In a small, intimate “black box” theater at Eastman School of Music, Philip Glass’ opera “Les Enfants Terribles,” based on Jean Cocteau’s novel of the same name, was performed on Feb. 2.

A thin, moonlit screen separated the stage and the audience, and when the curtains opened it poured over the theater. Two beds, a coffer, stepladders, and drab chairs composed the scenery. Then, two taciturn dolls, looking like hospital patients in white nightgowns, could be seen. Dancers interacted with each other, flying around the room, and groping each other in the dark.

“Les Enfants Terribles” tells the story of two orphans, Elizabeth and Paul, who are brought to life by senior singers of the Eastman School of Music, Nicole Minielli and Adam Wells. While Elizabeth looks after her bedridden mother, Paul is obsessed with a school crush, Dargelos, until she throws a snowball containing a sharp stone at his chest. Paul becomes confined to the family home due to his injury and Elizabeth begins to look after him as well. Isolated from the outer world, the siblings become engulfed in a twisted mental game, which they play in their shared bedroom, that involves creating psychodramas. The winner is the individual who gets the last word. “In their life the children plunged into the game. To disturb the game was inexcusable and unforgivable,” narrates their school friend Gerard, played by Anders Namestnik.

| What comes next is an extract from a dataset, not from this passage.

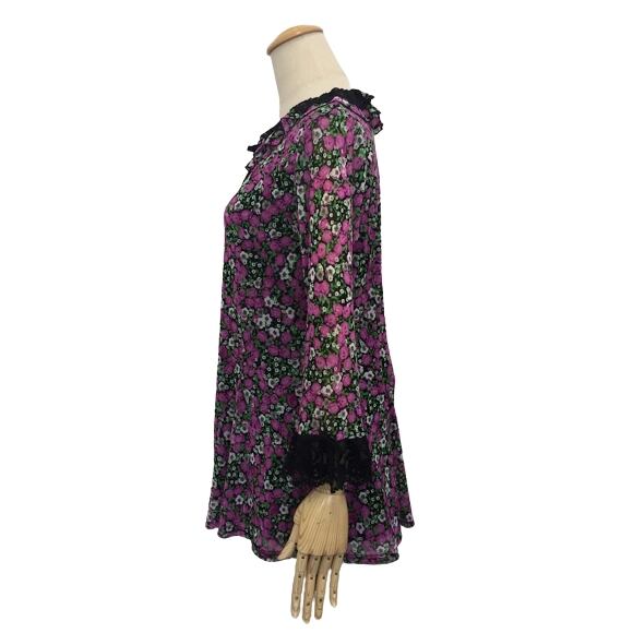 スーパービューティー チュニック 2023年春夏入荷 小バラ柄 パワーネット 7分袖チュニックカットソー ピンク M L LL 30代 40代 50代 60代 2312006 大人かわいい服

As the opera progresses, the behavior of the two siblings becomes more and more appalling. When they discover the death of their mother, they hold hands and hysterically laugh.

Tensions build when Elizabeth marries a Jewish man, who dies on the way to a business trip right before their honeymoon. Elizabeth inherits his estate and the siblings decide to move in. Agathe, a friend of Elizabeth’s, who looks similar to Dargelos, moves into the house as well. Paul and Agathe fall in love with each other. When Elizabeth finds out about their feelings, she encourages Gerard to propose to Agathe because she feels that Agathe will steal her brother’s attention. Gerard and Agathe are married while Paul plunges deep into despair. After taking a lethal dose of Opium, Paul is found dying by Elizabeth who chooses to shoot herself in a final attempt to with the Game and one-up her brother.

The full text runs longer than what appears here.